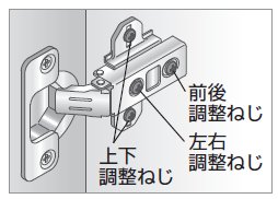 扉のタイプにより調整の仕方が違います。ご確認の上、扉の調整をお願いします。なお、扉の調整後は、ねじをしっかり締めてください。扉にずれはないが、がたつきがある時は、固定ねじがしっかり締まっているか確認ください。
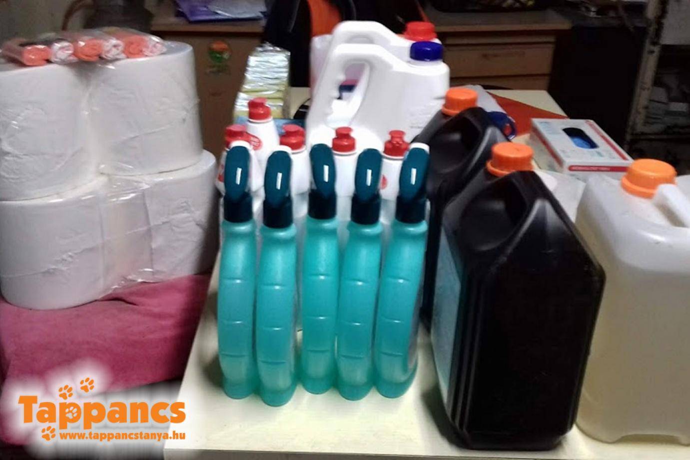Egy rendszeres támogatónk, Éva is kilátogatott a menhelyre, hogy az állatoknak szánt őszi adományát elhozhassa. A kutya és cicaeledelek mellett órási mennyiségű tisztítószert, felmosót, fertőtlenítőt és papírtörlőt is vásárolt. Köszönjük szépen!
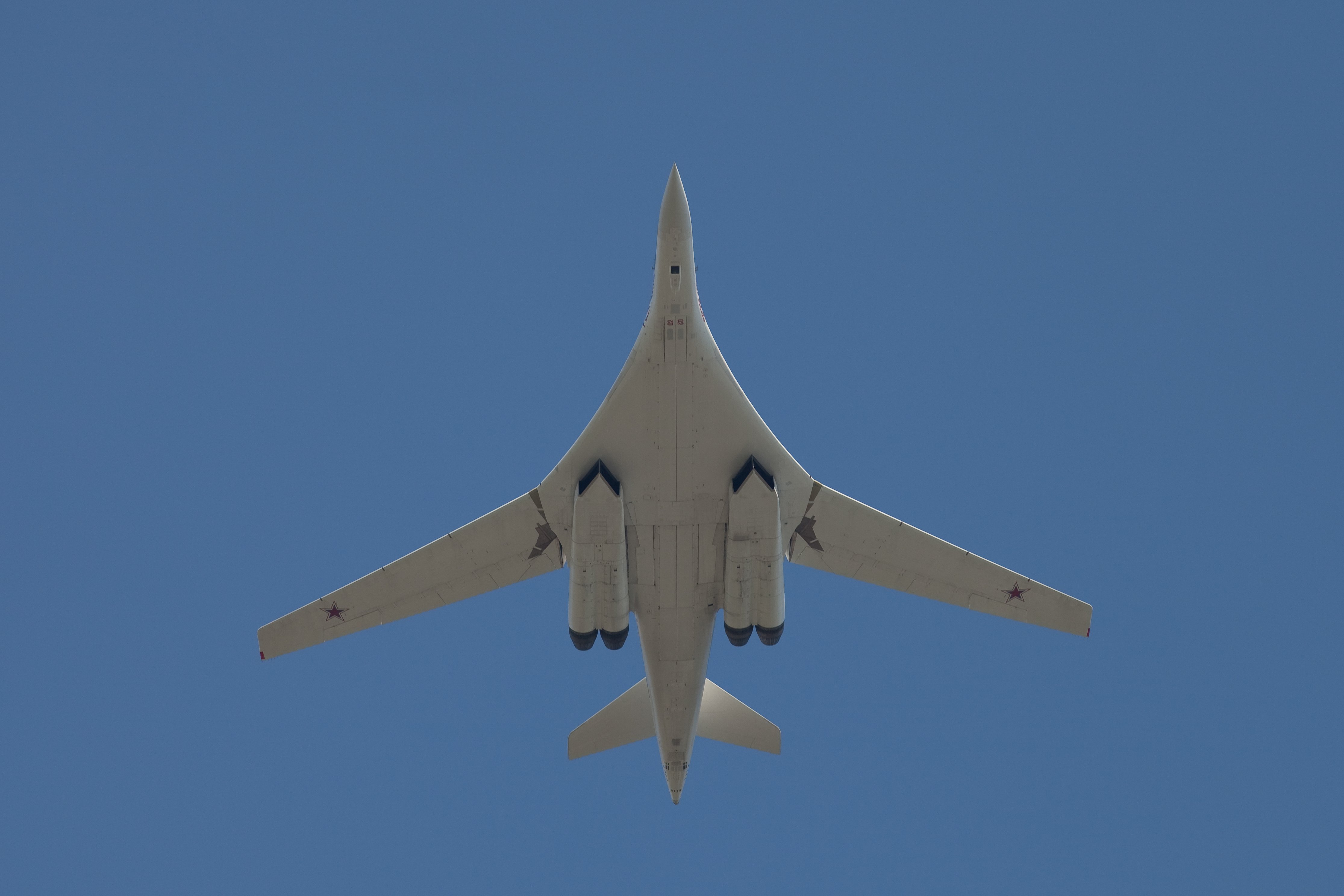 Description: A large jetliner flying through a blue sky with its landing gear down and its wings down and the bottom of the plane.
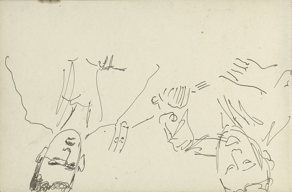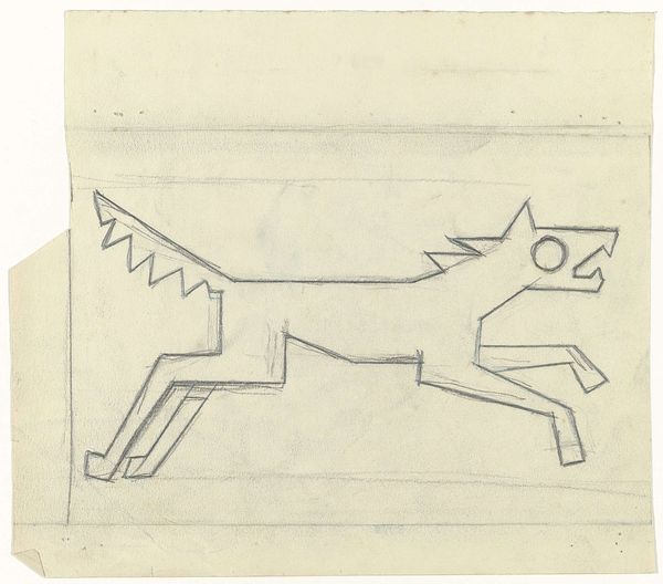Curator: This is Reinier Willem Petrus de Vries' "Studieblad met paarden en vleugels", a pencil drawing dating between 1884 and 1952. Editor: It's a rather intriguing drawing; the sketch-like quality, along with the unusual blocky style and the contrasting presence of wings, create an interesting effect. How do you interpret this work? Curator: Primarily, I engage with its formal qualities. Observe how the artist employs line – stark, utilitarian – to define the subjects. The reduction of forms into almost geometric components suggests an exploration of structure rather than representational accuracy. It adheres to structuralism by revealing the intrinsic order of form. What compositional relationships do you perceive? Editor: Well, there’s a juxtaposition of natural and unnatural, like the anatomically blocky horse beside what appears to be stylized wings. Are you saying the contrast between realistic and abstract shapes contributes to its meaning? Curator: Precisely. It directs our gaze to the materiality, or what is represented and how, and it seems the subject matter is second to the study of form, wouldn’t you agree? Consider the visual tension between the fluid curves of the wings and the rigid, angular lines composing the horses. Editor: I see that now. The wings offer a softness that contrasts the harsh, block-like body of the animal, thus establishing a contrast. It seems a lot more methodical than my initial reaction. Curator: Indeed, viewing it through a formalist lens encourages an understanding beyond immediate aesthetics and unlocks a more academic and methodical engagement with the artwork’s qualities. Editor: This was extremely insightful, thank you. Curator: A rewarding exercise, indeed.
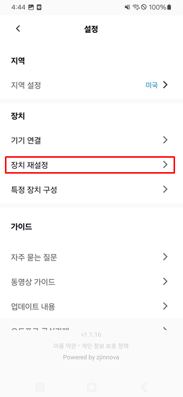 앱의 설정 메뉴에서 장치 재설정 할 경우
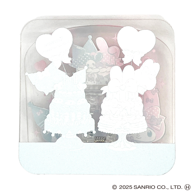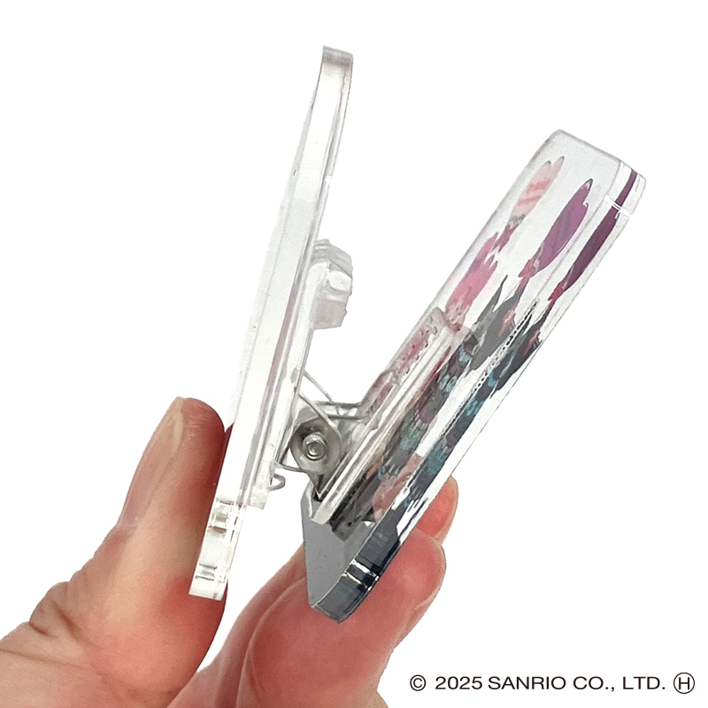 マイメロディ50周年、クロミ20周年を記念した限定コラボのアクリルクリップです。メモを挟んだり飾ったりと色々使えます。
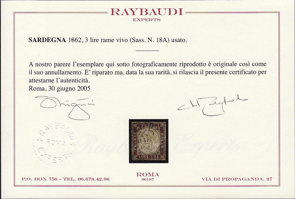 SPC s.a.s. issues, signed by owner Paolo Cardillo, official certificates of authenticity, guarantee, and appraisal for stamps from the Italian area.
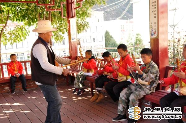 Wangdu teaches students from the Wujing Township Primary School to play Shinze.
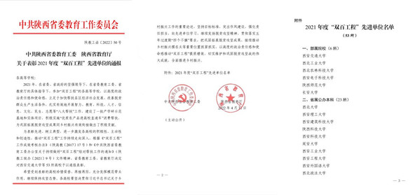 近日,陕西省委教育工委、陕西省教育厅通报了2021年度“双百工程”考核结果,KY.COM再度荣获“双百工程”先进单位,这是KY.COM自2017年“双百工程”实施以来连续第5次获此殊荣。
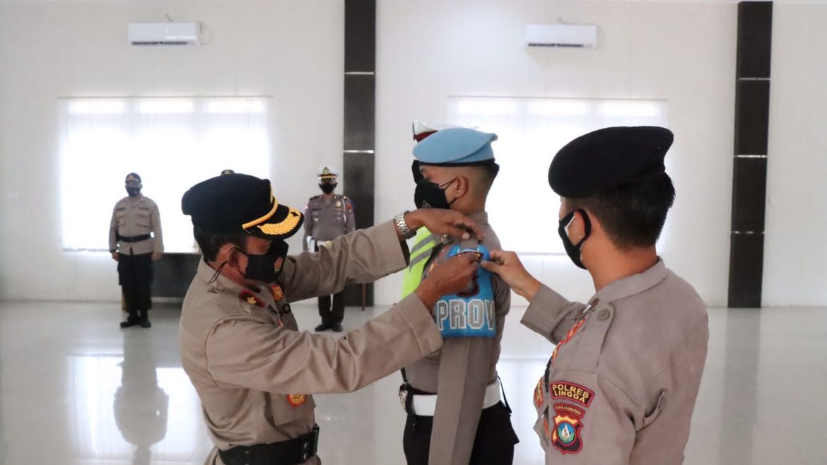 Dalam Kegiatan Apel gelar Pasukan tersebut Kompol Karyono menyematkan pita kepada Perwakilan Personil yang ditunjuk Sebagai tanda dimulainya Pelaksanaan Operasi Keselamatan Seligi 2022.
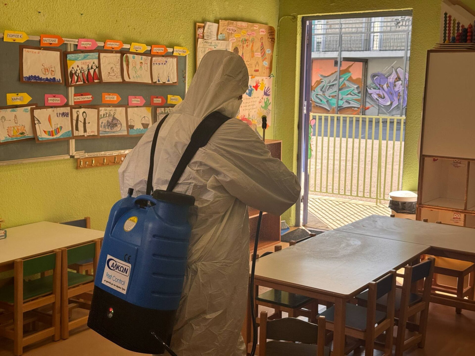 Καλαμαριά-ΕΙΚΟΝΕΣ: Απολύμανση των σχολείων ύστερα από κρούσμα στρεπτόκοκκου

### EXERCISE PROMPT
Take the entries above and restate them word for word, minus their images.

### RESULT FOR THIS EXERCISE
 扉のタイプにより調整の仕方が違います。ご確認の上、扉の調整をお願いします。なお、扉の調整後は、ねじをしっかり締めてください。扉にずれはないが、がたつきがある時は、固定ねじがしっかり締まっているか確認ください。
Egy rendszeres támogatónk, Éva is kilátogatott a menhelyre, hogy az állatoknak szánt őszi adományát elhozhassa. A kutya és cicaeledelek mellett órási mennyiségű tisztítószert, felmosót, fertőtlenítőt és papírtörlőt is vásárolt. Köszönjük szépen!
 Description: A large jetliner flying through a blue sky with its landing gear down and its wings down and the bottom of the plane.
Curator: This is Reinier Willem Petrus de Vries' "Studieblad met paarden en vleugels", a pencil drawing dating between 1884 and 1952. Editor: It's a rather intriguing drawing; the sketch-like quality, along with the unusual blocky style and the contrasting presence of wings, create an interesting effect. How do you interpret this work? Curator: Primarily, I engage with its formal qualities. Observe how the artist employs line – stark, utilitarian – to define the subjects. The reduction of forms into almost geometric components suggests an exploration of structure rather than representational accuracy. It adheres to structuralism by revealing the intrinsic order of form. What compositional relationships do you perceive? Editor: Well, there’s a juxtaposition of natural and unnatural, like the anatomically blocky horse beside what appears to be stylized wings. Are you saying the contrast between realistic and abstract shapes contributes to its meaning? Curator: Precisely. It directs our gaze to the materiality, or what is represented and how, and it seems the subject matter is second to the study of form, wouldn’t you agree? Consider the visual tension between the fluid curves of the wings and the rigid, angular lines composing the horses. Editor: I see that now. The wings offer a softness that contrasts the harsh, block-like body of the animal, thus establishing a contrast. It seems a lot more methodical than my initial reaction. Curator: Indeed, viewing it through a formalist lens encourages an understanding beyond immediate aesthetics and unlocks a more academic and methodical engagement with the artwork’s qualities. Editor: This was extremely insightful, thank you. Curator: A rewarding exercise, indeed.
 앱의 설정 메뉴에서 장치 재설정 할 경우
 マイメロディ50周年、クロミ20周年を記念した限定コラボのアクリルクリップです。メモを挟んだり飾ったりと色々使えます。
 SPC s.a.s. issues, signed by owner Paolo Cardillo, official certificates of authenticity, guarantee, and appraisal for stamps from the Italian area.
 Wangdu teaches students from the Wujing Township Primary School to play Shinze.
 近日,陕西省委教育工委、陕西省教育厅通报了2021年度“双百工程”考核结果,KY.COM再度荣获“双百工程”先进单位,这是KY.COM自2017年“双百工程”实施以来连续第5次获此殊荣。
 Dalam Kegiatan Apel gelar Pasukan tersebut Kompol Karyono menyematkan pita kepada Perwakilan Personil yang ditunjuk Sebagai tanda dimulainya Pelaksanaan Operasi Keselamatan Seligi 2022.
 Καλαμαριά-ΕΙΚΟΝΕΣ: Απολύμανση των σχολείων ύστερα από κρούσμα στρεπτόκοκκου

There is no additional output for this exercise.